Some things I have found useful: Visiting grandparents/asking them over. Going for a long walk (wear out kids&gives you desperately needed excersise). find a film in a charity shop/freecycle, watch it with family/friends. use ‘trash’ to build things with younger children. Eat your usual lunch or dinner outside, either as a picnic or in your garden (if you have one). spend time reading books with your child(ren) at a library. Visit a forest, it will be cooler&shadier. If you can, visit the beach and spend time collecting shells with the kids, you can spend ages sticking them on to things, or turning them in to jewelery or a beach display or scrap book (would also work with leaves, twigs or how about some origami with old receipts?).
My only point to the author (other than thanks for recognizing all us backwards SADs) is that personally I need 10hrs sleep. So while generally people need 8hrs, to say everybody needs exactly eight hours is a bit like telling everybody to wear size 8 shoes. The message is right though, sleep can be easily neglected/disrupted with different routines and longer hours of sunshine.
Has anyone stopped to wonder what something that is cyclical and dependable as “the changing of seasons” would cause depression? How much of it is people (subconsciously) more comfortable with being depressed then being happy. How much of this is related to the “industrial/ service” environment of western society leading to individuals growing up drifting further and further away from “the reality principle” and living their entire lives governed by “the pleasure principle”?
When a physical stimulus leads to an emotional response that is a “trigger” that can be (theoretically) traced back to something repressed. (I.e. a child whose parents fought or were abusive all the time as a child loved going to school to get away from it. Thus an associative bond to that physical stimulus was assigned.) Know who else doesn’t like disrupted schedules? OCD sufferers. When you feel the need to take a vacation that you can’t afford, that is called “peer pressure”. AKA as anxiety of one who doesn’t have the self confidence to resist social pressures driving them to behave in a manor that isn’t healthy.

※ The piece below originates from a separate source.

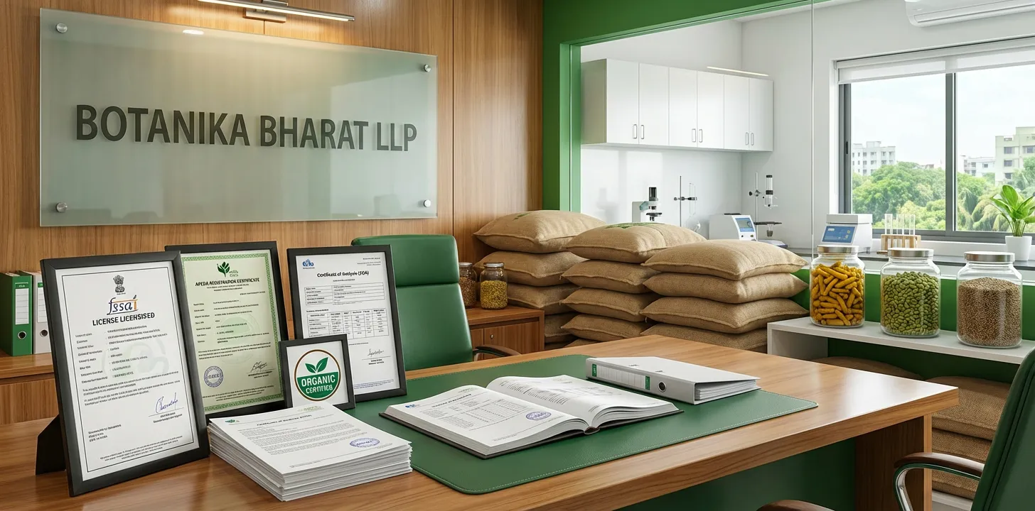 This page describes the certifications and quality standards that Botanika Bharat LLP follows as an Indian spice exporter, spice manufacturer India, bulk spices supplier, organic spices exporter, herbs and spices supplier, medicinal herbs exporter, and agro commodity exporter India based in Rudrapur, Uttarakhand. We operate with FSSAI licence (Central 10251007107816296), valid IEC, GST, and APEDA alignment. Every export shipment is backed by lab testing and we provide Certificate of Analysis (COA); we arrange phytosanitary and organic (NPOP/NOP) certificates where applicable. Importers, distributors, bulk buyers, FMCG manufacturers, traders, and government or institutional buyers can rely on our documented quality and compliance.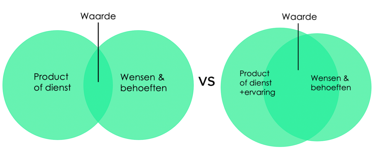 Bij het handelen in producten of diensten is het de bedoeling dat een doelgroep met een specifiek probleem wordt geholpen met een oplossing voor dat specifieke probleem. Wanneer de organisatie de ervaring van de klant centraal zet, dan vindt er méér waardeoverdracht plaats dan alleen de uitwisseling van deze oplossing.

One thing that was only touched upon was that “children are home”. I often see FB posts and hear parents dread summer break and express joy at their children going back to school. I can’t believe it. I would love nothing more then to have raised my daughter until we determined that she was ready to seek a different format for learning. Until then, I would have been overjoyed to have her taught basics as well as stood by my side and learned the lessons of self confidence and sustainability that she won’t get in public school from me or her family members. Alas, a concept so psychologically healthy in our culture is shunned.
When are we going to stand up and identify the cultural traits that lead to our mental dysfunctions?
What a wonderful article that made me feel less alone just by reading it. I wonder whether there are any neuological reasons as to why it happens too? Does the light trigger chemicals in the brain? Don’t ever stop writing. Thanks again!